Monarchs Are Mythical and Mysterious

Monarchs are mythical and mysterious. I wanted  more butterflies in our garden. I love planting native flowers, trees and bushes. For those reasons, I planted milkweed. My plan worked. The milkweed took off! We had many monarchs in our yard!

I started finding caterpillars. Then they’d disappear. It worried me. Never mind that fossil records indicate that these delicate creatures have been on our planet for 200 million years. They needed me to survive!  Little did I know what I was in for.

Monarch caterpillar
Found this guy, then I lost him.
Monarch caterpillar Sue Berk Koch
Lost this guy too.


Monarch on milkweed
Monarch on my swamp milkweed

You’re undoubtedly familiar with the iconic orange and black of the monarch butterfly. These lovely lepidoptera are classified as insects. They have amazing adaptations, a unique life cycle, and kick butt with their migration patterns, some flying as far as 2500 miles to reach the remote treetops of Mexico.  But they needed me to save them. 

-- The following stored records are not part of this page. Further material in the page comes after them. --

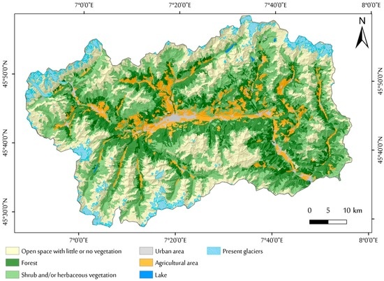 As typical in alpine valleys, VDA has a prevalence of highly vegetated areas, while human settlement distribution is located at the valley bottom. The land cover is prevalently represented by forest, natural grassland, and rock outcrops with little or no vegetation. In addition, the massifs dominating the VDA landscape act as morphological boundaries and deeply influence the local climatic conditions. Indeed, the high peaks limit the access of air masses from the Mediterranean Sea or the Atlantic Ocean, causing a clear difference in the rain and snow precipitation regimes [61]. The regional climate, in mountainous and marginal sector, is characterized by wide range of temperatures and rainfall/snowfall (min, max and average values of 1000–1100 mm/year, while, in correspondence of the principal valley bottom, by a temperate climate, characterized by relatively lower rainfall (lower than 600 mm/year) [62].
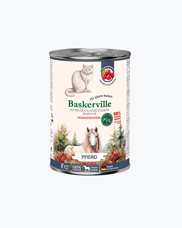 Konserwowany pokarm Baskerville klasy holistycznej został specjalnie opracowany dla kotów z wrażliwym układem trawiennym oraz starszych pupili, którzy potrzebują delikatnej, pożywnej i łatwostrawnej diety. Dzięki monobiałkowemu składowi i łagodnej formule karma jest łatwo przyswajalna, wspiera komfort trawienia i dobre samopoczucie Twojego kota.
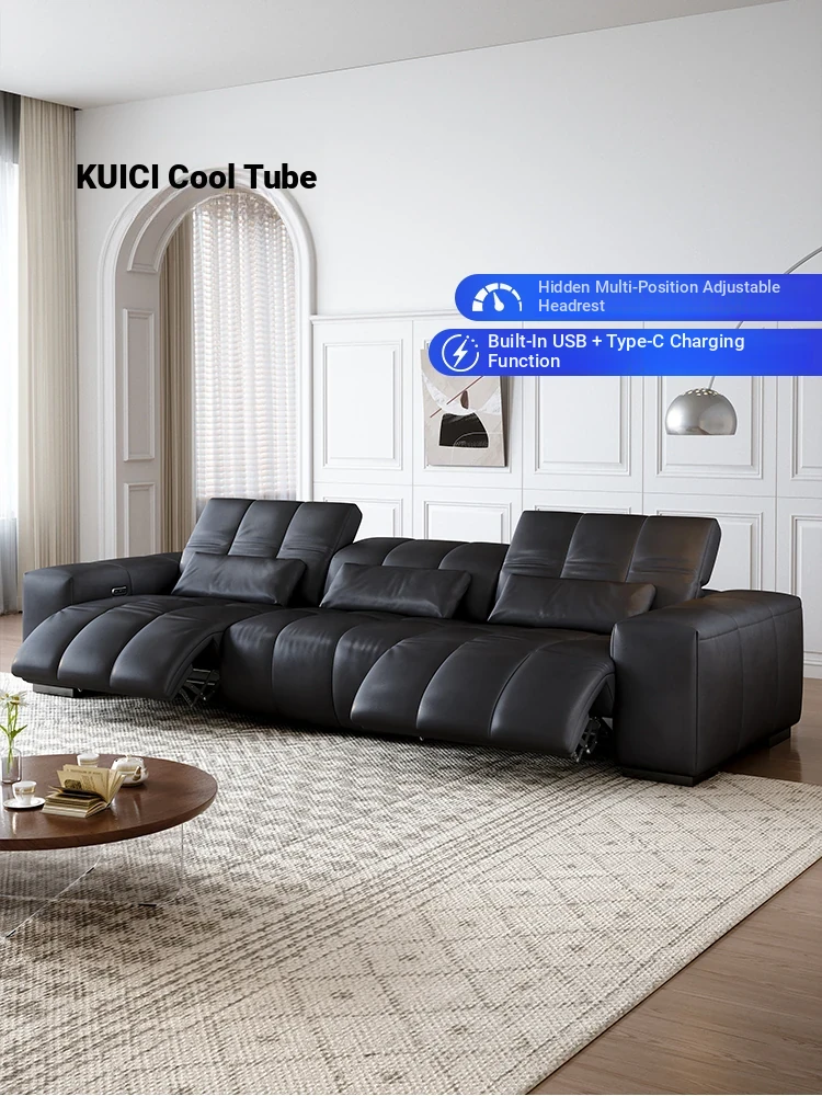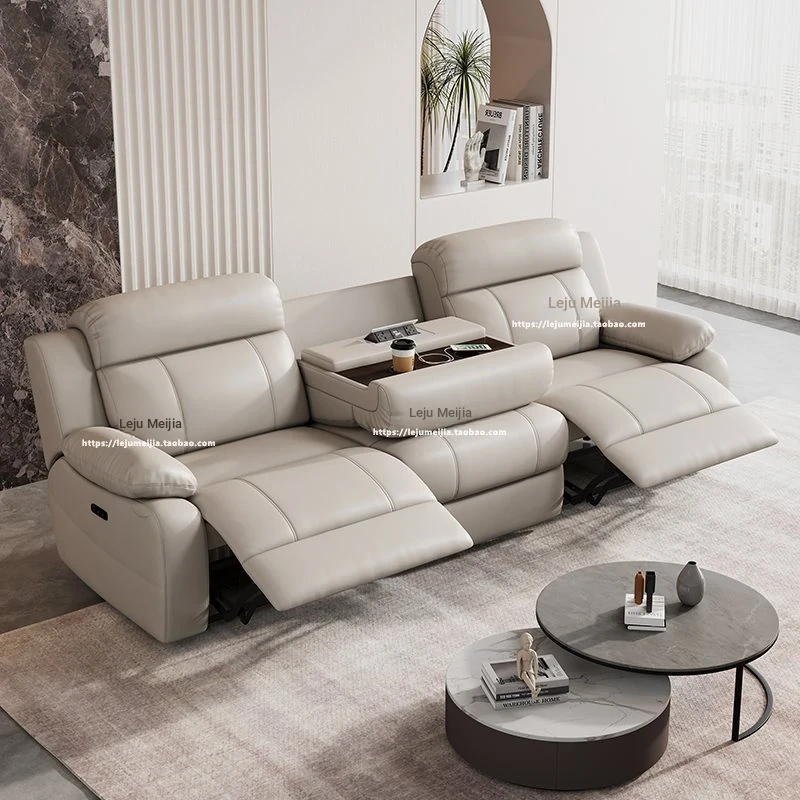 Electric Reclining Genuine Leather Sofa - Modern Minimalist Design for Living Room - Top Grain Cowhide, Three-Seater, Straight Line Style
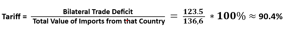 - ε: the percentage change in imports if the price changes by 1%. The White House has chosen ε = 4 (based on the study by Boehm et al., 2023). This means that if the U.S. increases import prices by 1%, the import volume will decrease by approximately 4%.
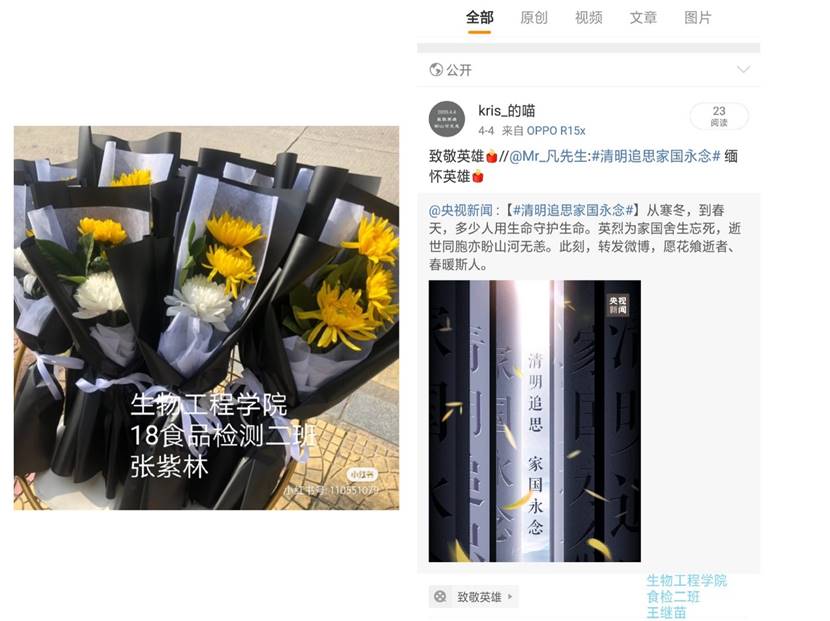 这一天,全国各地的上空拉响了防空警报,KY开元集团官网入口全体师生在警报的悲鸣声中哀悼为抗击疫情而牺牲的中国烈士和被新冠病毒夺取宝贵生命的同胞。这一天,KY开元集团官网入口师生纷纷转发央视新闻、人民日报等多家网络媒体发表的哀悼图文,自发地在自己的朋友圈、空间动态表达最沉痛的哀思。这一天,KY开元集团官网入口各个班级团支部成员采取制作手抄报、折纸花、写家书、扫墓等多种方式,以最诚挚的心来深切悼念已逝英魂。
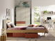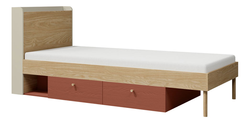 - Jednolôžková posteľ 90x200 cm Yoda 13 (svetlobéžová + dub olejovaný + korálová) (P)
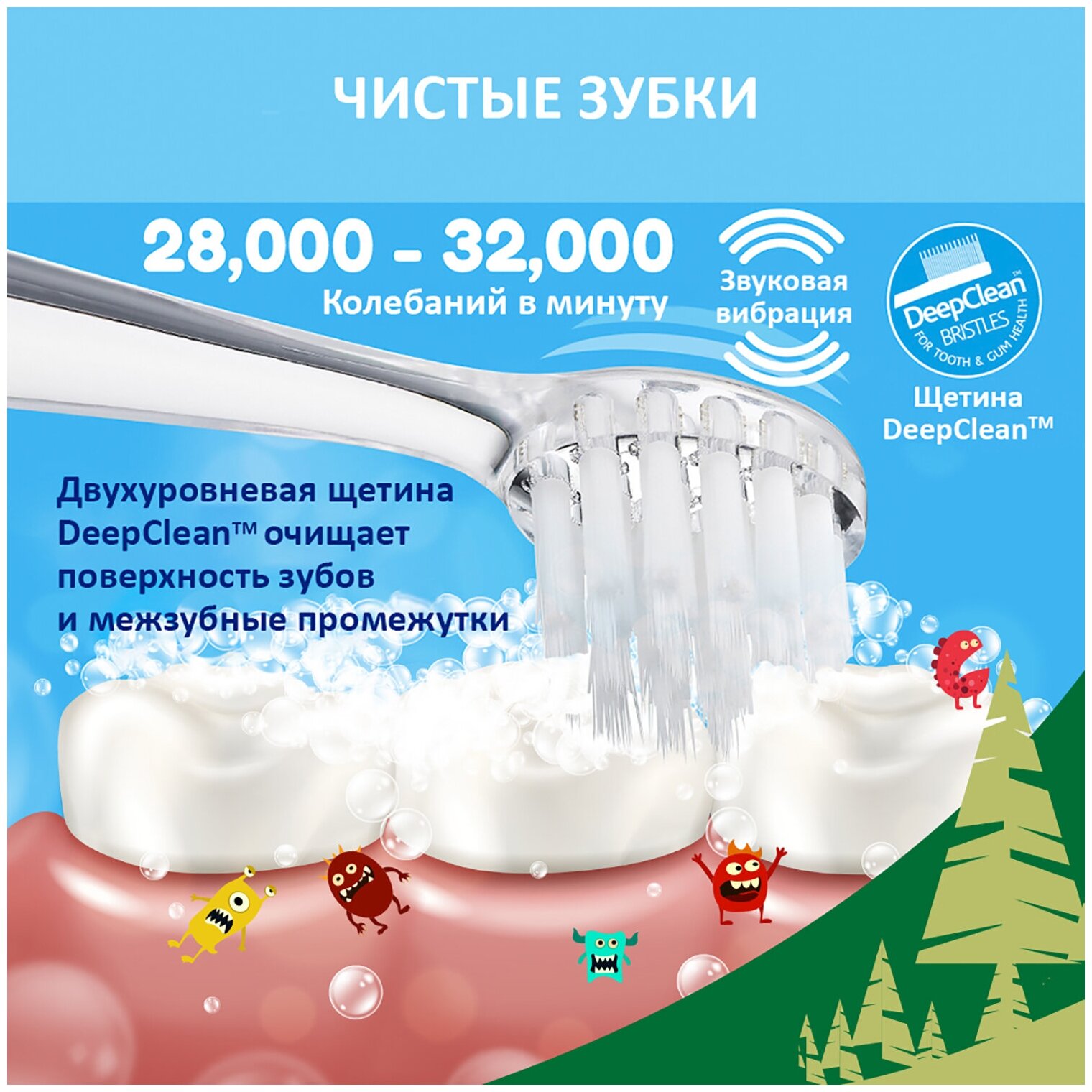 | Подробная комплектация | Зубная щетка, 3 сменные насадки, зарядное устройство |

Joking aside, I learned a sobering fact:



One or two out of 100 eggs laid, survive!

They did need Louie and me to save them!

Louie and monarch caterpillar
Saving in action

We brought a few caterpillars inside. I fed them with milkweed. There was a learning curve. (boo) 

Monarch eggs and caterpillars have enemies.


Mother nature is not kind to eggs and caterpillars. Monarchs face many predators and parasites.

Tachnid flies lay eggs inside caterpillars, which is pretty gross and horrible when they hatch. (Like that old move Alien)

Wasps and ants eat them.

Spiders eat them.

Don’t even get me started on the OE spores. (Ophryocystis elektroscirrha is a protozoan parasite that infects the Monarch world-wide) Their life cycle has synced to a monarch life cycle.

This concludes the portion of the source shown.